You're no doubt familiar with the National Air and Space Museum, the Hirshhorn Museum and Sculpture Garden, the Museum of Natural History and the rest of the Smithsonian museums on the National Mall. But did you know that the National Zoo, the National Postal Museum and even two museums in New York City also are part of the empire?

The Smithsonian Institution is the world's largest museum complex, with nine museums and galleries on the Mall; five more museums scattered throughout Washington; as well as the zoo and the New York museums. It also has a number of research centers and libraries.

There are more than 141 million items in the collections, with the bulk of them -- almost 124 million specimens and artifacts -- in the possession of the National Museum of Natural History.

Each facility houses a unique collection. Holdings range from some of the most well-known icons of American culture to contemporary crafts, African and Asian art and more. Several gardens are also located near the buildings and are open seasonally for tours.

Winter is an ideal time to visit the Smithsonian and discover some of its hidden gems. The heaviest visitor traffic is from April through Labor Day, so you may well have some of the museums to yourself if you go soon. To help you plan your visit, here's an overview of the main facilities.

Unless otherwise noted, the Washington museums and galleries are open daily 10 a.m.-5:30 p.m. except Dec. 25 and are free. (Several of the sites are closed temporarily for renovations.) You can contact the Smithsonian at 202-357-2700 (voice) or 202-357-1729 (TTY).
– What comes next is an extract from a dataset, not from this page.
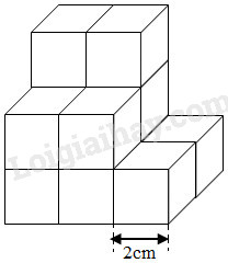 – Tính thể tích khối gỗ ta thể tích một khối lập phương nhỏ cạnh \(2cm\) nhân với \(12\) (vì khối gỗ được ghép bởi \(12\) hình lập phương nhỏ).

For recorded information, call Dial-A-Museum at 202-357-2020 (English) or 202-633-9126 (Spanish). You can also visit the Smithsonian on the Web at www.si.edu.

Smithsonian Institution Building: Known as "the Castle," this building on the Mall houses the Smithsonian Information Center, two orientation theaters and administrative offices. It's an ideal place to start your visit. 1000 Jefferson Drive S.W.
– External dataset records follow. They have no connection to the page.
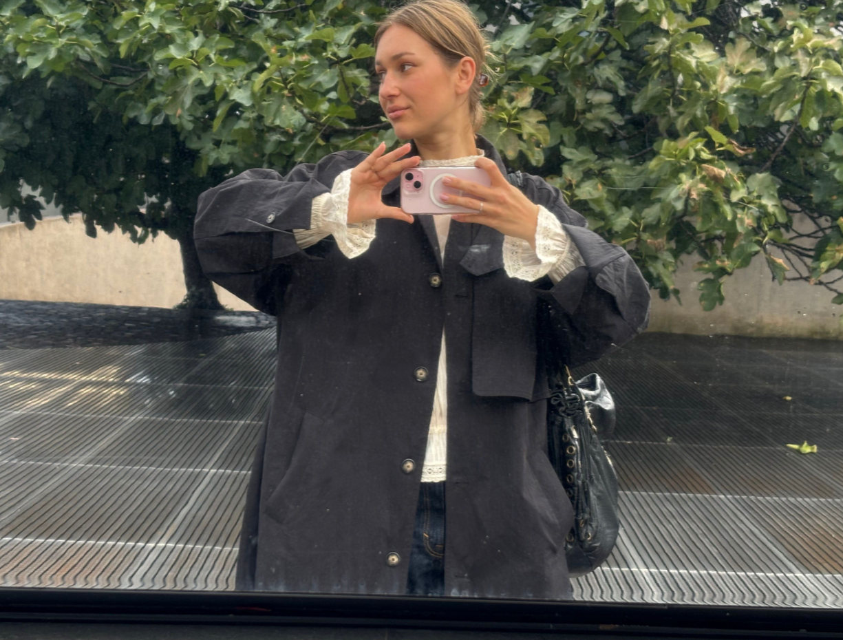 My cheat code? Put your faith in your coat. This week, I chose the long black Khy coat. Underneath: black BOSS pants, a black Abercrombie & Fitch top (which is sold out so I’m linking an alternative), a cropped SKIMS cardigan, and black ballerinas from a little Paris boutique. It’s all I want: simple, timeless, and temperature-proof. Perfect.
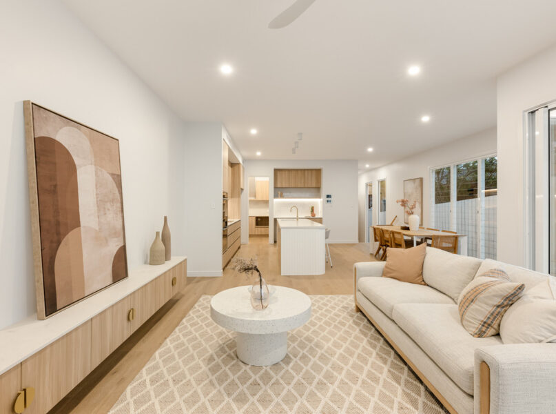 Showcasing sleek lines, a striking modern facade is complemented by landscaping gardens and gives the residence incredible street appeal. Inside, exquisite timber floors, lofty ceilings and a calming neutral colour palette feature throughout.
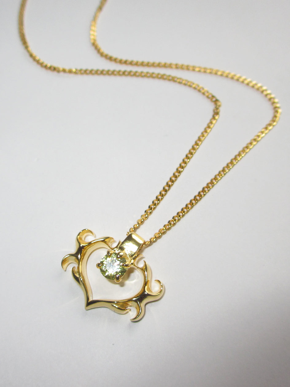 - 925 Sterling Silver Heart Pendant with Apple Green Cubic Zirconia and 18K Gold Plating

Anacostia Museum and Center for African American History and Culture: The Anacostia Museum is a national resource devoted to increasing public understanding and knowledge of the African-American experience. The facility is closed for renovations (till spring 2001), but exhibits are being mounted in the Arts and Industries Building on the Mall. Through June 30, there is an exhibit of the works of noted African-American photographers, "Reflections in Black: A History of Black Photographers, 1840-1999." Call 202-287-2061 for recorded information on exhibitions. 1901 Fort Place S.E.

Arthur M. Sackler Gallery: Focusing on Asian art, the Sackler Gallery features selections from its permanent collection and changing exhibits highlighting varied artistic traditions. Among the holdings are artworks from China, South and Southeast Asia, the Islamic world, Korea, Tibet and Japan. Opening April 30 is "Music in the Age of Confucius," an exhibit of 2,500-year-old instruments from the world's oldest musical ensemble. The collection is on view for the first time outside the People's Republic of China. 1050 Independence Ave. S.W.

Arts and Industries Building: This facility houses a permanent exhibit of materials acquired from the 1876 Philadelphia Centennial Exhibition, including fire engines and carriages, and also features changing exhibits from other Smithsonian facilities. Its Discovery Theater stages performances for children in the summer months. The Anacostia Museum's exhibit, "Reflections in Black: A History of Black Photographers, 1840-1999," is on view through June 30. In addition, through March 26, there is "The Artistry of Orchids," a magnificent display of orchids, co-sponsored by the institution's Horticultural Services Division and the U.S. Botanic Gardens. 900 Jefferson Drive S.W.